■ **To do**:
Quote, word for word, only the lines running from the line with "Design stunning popups" through the end of the listing. Leave out the pictures.

■ **Raw data**:
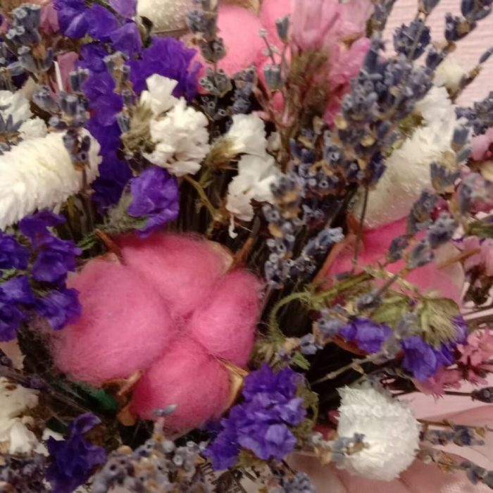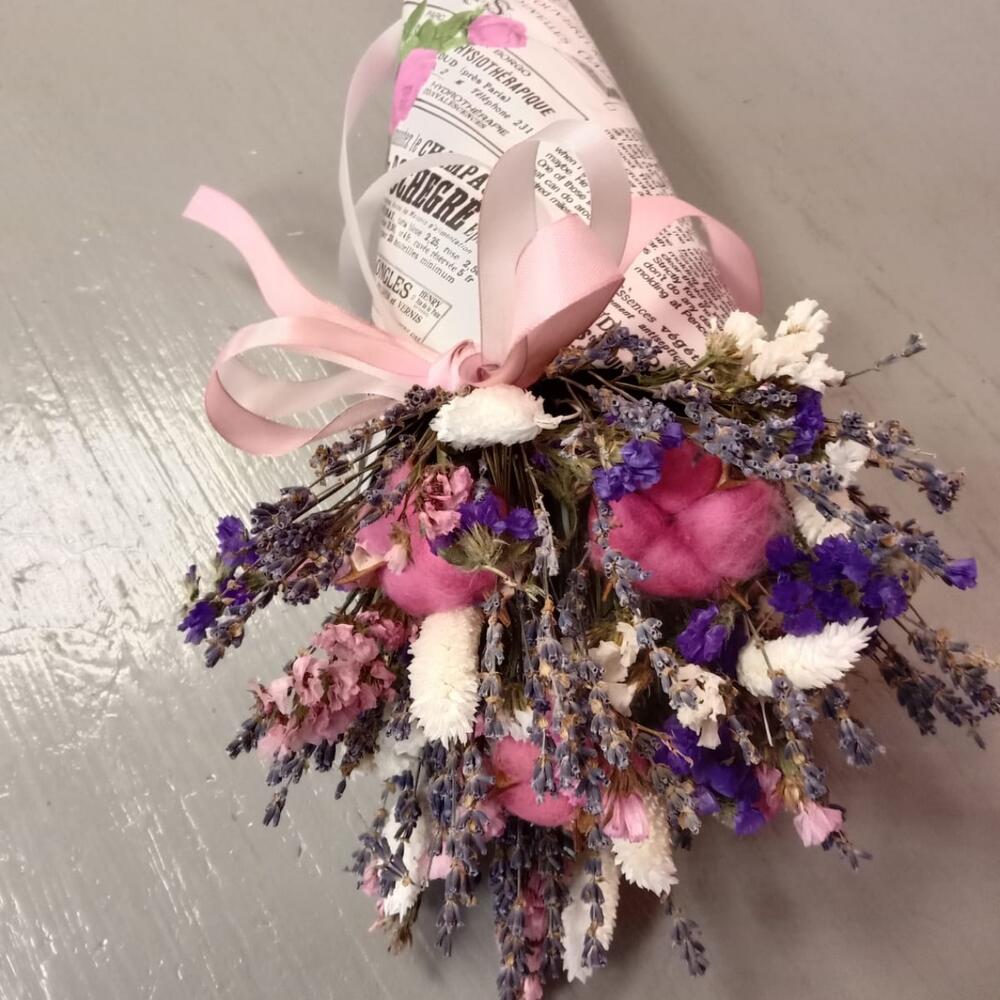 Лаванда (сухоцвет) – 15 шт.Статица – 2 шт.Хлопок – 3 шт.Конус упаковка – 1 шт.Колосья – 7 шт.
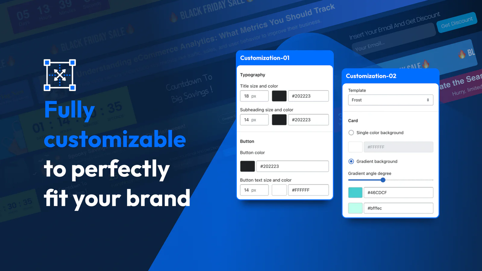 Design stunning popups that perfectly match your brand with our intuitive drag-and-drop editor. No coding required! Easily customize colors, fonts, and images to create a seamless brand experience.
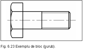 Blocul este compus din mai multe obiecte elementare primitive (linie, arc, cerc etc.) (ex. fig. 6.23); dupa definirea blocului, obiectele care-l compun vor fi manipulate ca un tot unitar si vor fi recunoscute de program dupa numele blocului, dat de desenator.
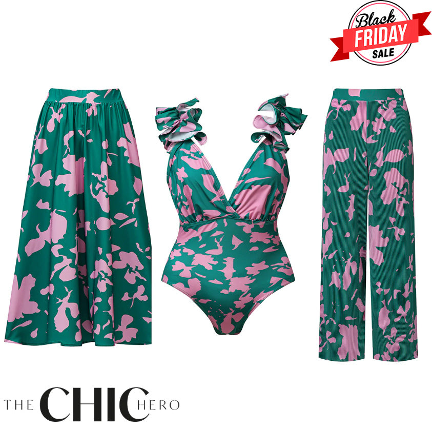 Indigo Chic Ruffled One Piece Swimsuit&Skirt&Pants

■ **Result for this task**:
 Design stunning popups that perfectly match your brand with our intuitive drag-and-drop editor. No coding required! Easily customize colors, fonts, and images to create a seamless brand experience.
 Blocul este compus din mai multe obiecte elementare primitive (linie, arc, cerc etc.) (ex. fig. 6.23); dupa definirea blocului, obiectele care-l compun vor fi manipulate ca un tot unitar si vor fi recunoscute de program dupa numele blocului, dat de desenator.
 Indigo Chic Ruffled One Piece Swimsuit&Skirt&Pants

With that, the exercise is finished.